After a short interview that will clarify your needs, you will receive customized divorce documents soon. The papers are created based on relevant factors like your state, assets, marital property, and children. Use these completed forms when filing for divorce and save yourself a headache!
Illinois Divorce Common Questions
How is property divided in a divorce in Illinois?
Illinois is an equitable division state, it isn’t one of the community property states. That said, the debts and marital assets are not necessarily divided 50/50. The property is divided equitably in a divorce.
How much does a divorce cost in Illinois?
The cost of divorce is up to $15,000 in the event of simple cases. However, it may climb to $35,000 when the alimony, as child support and custody are involved.
How long does it take to get a divorce in Illinois?
After filing for divorce, it typically takes around 90 days for the court to finalize a divorce. The availability of a judge and the caseload have an impact on the length of the divorce process.
How can I get a copy of my divorce in Illinois?
You need to request a copy of your divorce records in the Circuit Court Clerk’s office in the county in which your divorce/marriage has been granted.

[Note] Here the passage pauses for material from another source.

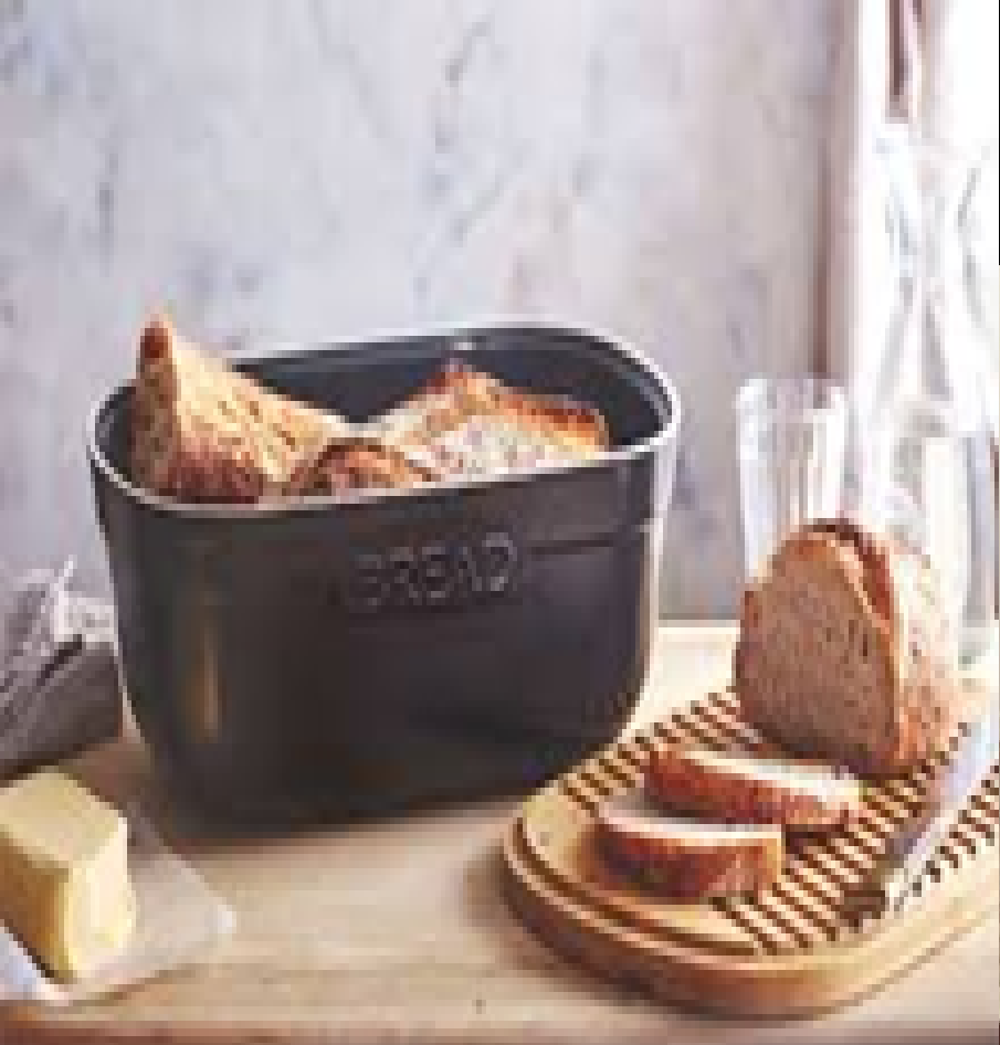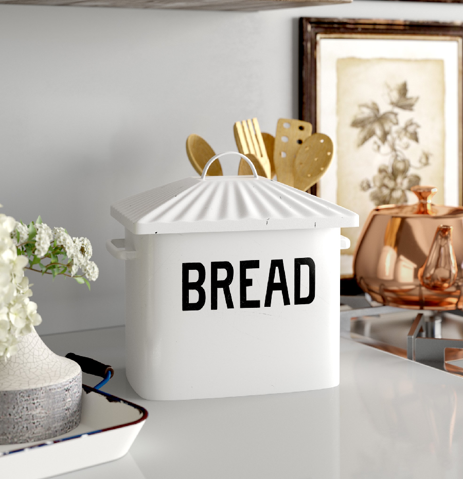 กล่องขนมปังโลหะสีดำเงาพร้อมฐานไม้ | ถังเก็บของเคาน์เตอร์ห้องครัวที่ทันสมัย | ขายส่งและออกแบบเอง

Do my spouse and I need to live in Illinois to get a divorce?
To get divorced in Illinois, either your spouse or you must be a resident of this state for a minimum of 90 days before filing for divorce. Divorcing couples don’t have to file divorce papers where they got married.
Can I still get a divorce if my spouse doesn’t want to get one?
Yes, you can. If one party doesn’t want to sign divorce papers, the refusal may turn into a so-called “contested divorce.” The court will require a hearing to determine the reason for the refusal in that case. You will eventually get a divorce if the other party (your spouse) doesn’t show for the court hearing.